We are justifiably well aware of the myriad injuries that men have inflicted upon women as a group.  Without ignoring the importance of acknowledging such injuries, I have sought to argue in this Article that men have also been subject to forms of discrimination because of their gender.

Are you also well aware of the myriad gifts men have bestowed upon women?  How is acknowledging men’s past gifts and injuries to women relevant to considering today sexist selective service registration, sexism in reproductive rights and in legal imposition of parental obligations, or sexist attitudes toward life-span and occupational hazards disparities?

Whereas women have had to suffer the discrimination that derives from being perceived as physically and emotionally weak, men have had to endure the discrimination that derives from being perceived as bearers of physical courage. Various laws and judicial opinions, I have suggested, have drawn upon the latter image in a manner that urges men to conform to an ideal of manliness that celebrates violence, militarism, and an obsessive refusal to admit fear.

Admitting fear isn’t necessary.  Your fear screams out between the lines of your article, from the note attached to your name to the beginning of your conclusion. You are deeply justified in fearing that you, as a man, are communicatively vulnerable.

Communicative fear, like any other fear, is a bodily condition of real, specific, evolved human nature.  In the U.S. today, the word of law, resting on authorized state violence, forcibly confines in jail or prison about two million men, ten times as many men as women. No man’s physical strength and courage offers protection against the law’s violent force.
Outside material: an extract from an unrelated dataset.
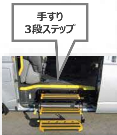
手すり 3段ステップ
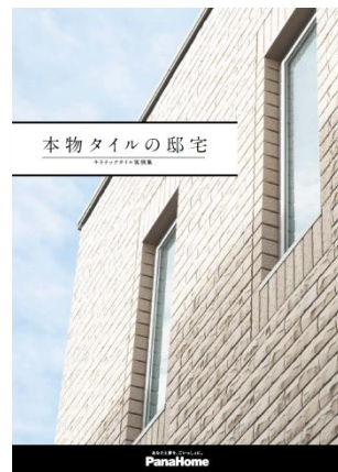
⑧ 本物タイルの邸宅 キラテックタイル実例集

But acknowledging the importance of violence under law is deliberatively unpropitious for academic lawyers, at least once the initial thrill is gone.

This ideal of manliness {“manliness that celebrates violence, militarism, and an obsessive refusal to admit fear”}, with the support of the law, has unduly burdened men’s right of self-definition, a right that I have argued is protected by the Equal Protection Clause.

Persons who aren’t academic lawyers won’t appreciate the subtle legal reasoning that connects a misandristic ideal of manliness to an abstract, disembodied “right of self-definition.”  But every man today understands the burdens and fears that this article displays.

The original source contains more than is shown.